Raúl is the emotional core of the friend group: calm, intuitive, loyal. His dynamic with Marcos carries queer undertones that add complexity without ever turning into full romance.
Manu Ríos
Ibáñez brings softness to the role, and his silences speak volumes. You believe he’s the kind of boy everyone falls a little bit in love with—even if they never say it out loud.

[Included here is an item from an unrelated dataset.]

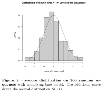 using the seqinR package [5] with the base model. Figure 2 shows a \( z_\mbox{score} \) distribution on 200 random sequences and the corresponding normal distribution. With this underlying model z-scores have been calculated on the given sequences. For instance, Figure 1 shows the results for the E2F-sequence with great variations in various dinucleotides as CpG, GcP, TpT, ApA, TpA, and further ones. Clearly, the type of the sequences causes this deviation from the equipartition. The results of the remaining sequences are in the supplementary material.

Sandra is strong, stylish, and emotionally attuned. She navigates the push-and-pull of two complicated boys while dealing with her own gender and identity questions.
Amaia Aberasturi
Aberasturi (Coven, The Age of Rage) plays her with authenticity and warmth, making her more than just the “girl in the middle.”
Supporting Cast

Álvaro
Eloy Azorín

Xavi Sáez
Xavi Sáez
Director

Jesús Rodrigo
Jesús Rodrigo brings cinematic weight to La edad de la ira, combining moody lighting with fast-paced editing and fractured timelines. His direction doesn't shy away from raw emotional violence—whether physical or internal. As a veteran of Spanish drama (Vis a Vis, Hospital Central), Rodrigo balances realism with stylization in a way that feels both intimate and urgent.
La edad de la ira Review
Review



To be honest, I started La edad de la ira thinking it’d be another sensationalist teen murder mystery. But what I found was far more complex—and far more personal.
This series isn’t just about who stabbed whom. It’s about the silent wounds left by family, the masks we wear in school hallways, and the blurred lines between love and survival. The show dives headfirst into toxic fatherhood: a man so obsessed with control that he breaks everyone around him. Marcos and Álvaro, his sons, are shaped in opposition—one seeks escape through conformity, the other rebels and falls apart. The echoes of A Sun are strong here, only reversed: it’s the younger son who fights back, and the older who collapses.
The show uses a shifting-POV structure that actually works: the same scene gains new weight when rewatched from a different angle. A hand on a shoulder, a look in a locker room—they all mean something else when we know what’s coming. And when the kiss finally happens between Marcos and Raúl—yes, there’s a kiss—it’s not romantic. It’s urgent. It’s one boy crashing into another, asking, begging to be understood.
Raúl is the kind of boy you can’t help but adore. Quietly fierce, a little soft around the edges, a little gay-coded in his warmth. He’s the glue in this trio, and it’s obvious Marcos is drawn to him for more than friendship. But Raúl’s eyes wander toward Sandra. And that love triangle is never about possession—it’s about who feels safest to bleed in front of.
The series doesn’t lean into BL tropes or romantic escapism. Instead, it captures the feel of queer adolescence—the confusion, the longing, the fear of naming what you’re not ready to accept.
And let’s talk about the aesthetics. The lighting, the editing, the use of symbolic sound and song. That lakeside dance sequence with Sandra, Marcos, and Raúl? It’s poetic. It’s freedom. It’s the kind of moment that makes you believe teenagers can touch the sky, if only for one night.
Best Scenes of La edad de la ira
Episode 3 – The Lakeside Dance
Marcos, Raúl, and Sandra escape to the riverbank, leaving behind school, trauma, and judgment. As dusk falls, they dance in a whirl of water, firelight, and joy—set to a haunting Spanish ballad.
In that moment, they are nothing but bodies in motion: angry, wounded, and free. It’s a rare, breathtaking moment of teenage liberation, full of messy grace and aching possibility.